## Calculate the present value given the following information

Practical Analysis

1. Calculate

the present value given the following information: future value = $1,000;

number of periods = 3; interest rate of 5%.

2. Calculate

the present value given the following information: future value = $800; number

of periods = 5; interest rate of 10%.

3. Calculate

the future value given the following information; present value $500; number of

periods = 4; interest rate of 5%.

4. Calculate

the present value given the following information; future value = $2,500; number

of periods = 2; interest rate of 15%.

5. Calculate

the present value of an annuity given the following information: number of

periods = 3, interest rate of 6%, and a payment of $200.

6. Calculate

the net present value with a required return of 10%, an initial investment of

$30,000, and 10 years of payments of $6,000 each.

7. Calculate

the net present value with a required return of 8%, an initial investment of

$45,000, and cash flows of $12,000, $20,000, $10,000, and $6,000 for years 1

through 4 respectively.

8. Given

the following information, a required return of 8%, an initial investment of

$45,000 and cash flows of $12,000, $20,000, $10,000 and $6,000 for years 1

through 4 respectively, should the investment be done?

9. Calculate

the net present value with a required return of 5%, an initial investment of

$45,000, and cash flows of $9,000, $8,000, $15,000, and $20,000 for years 1

through 4 respectively.

10. Given

the following information, with a required return of 5%, an initial investment

of $45,000, and cash flows of $9,000, $8,000, $15,000, and $20,000 for years 1

through 4 respectively. Is the investment considered to be a good investment?

11. Calculate

break-even per unit given the following information: sales per unit of $25,

variable costs of $13, fixed costs of $5,000.

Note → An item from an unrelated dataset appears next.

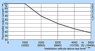 Параметры коррекции для повышенной температуры окр.среды и высоты установки Если Сетевой и моторный модули работают при температуре окр. среды > 40 °C (104 °F) и высоте установки > 1000 м (3282 фута), к рассмотрению долхны быть приняты обе характеристики понижения мощности: для выходной мощности и выходного тока. Пример: Моторный блок должен работать при температуре окр.среды 55 °C (131 °F) (60% допустимый ток) и высоте установки 3000 м (9845 футов) (75% допустимый выходной ток). Допустимый выходной ток в этом случае 100 x (0.60 x 0.75) = 45%.

Remember, you cannot have partial units, so you will need to round up if

the answer is decimal.

12. Calculate

break-even in dollars given the following information: sales per unit of $40,

variable costs of $15, fixed costs of $15,000, and a desired profit of $20,000.

Remember, you cannot have partial units,

so you will need to round up if the answer is a decimal.

13. Calculate

the degree of operating leverage given the following information; sales of

$25,000; variable costs of $13,000; and operating income of $7,000 for year one, and sales of $40,000; variable cost

$15,000; and operating income of $16,000 for

year 2. Your answer should be

rounded to two decimal places. (For this

problem, specifically calculate the difference between the sales and the

operating income for each of the given years.

This will allow you to calculate the degree of operating leverage.)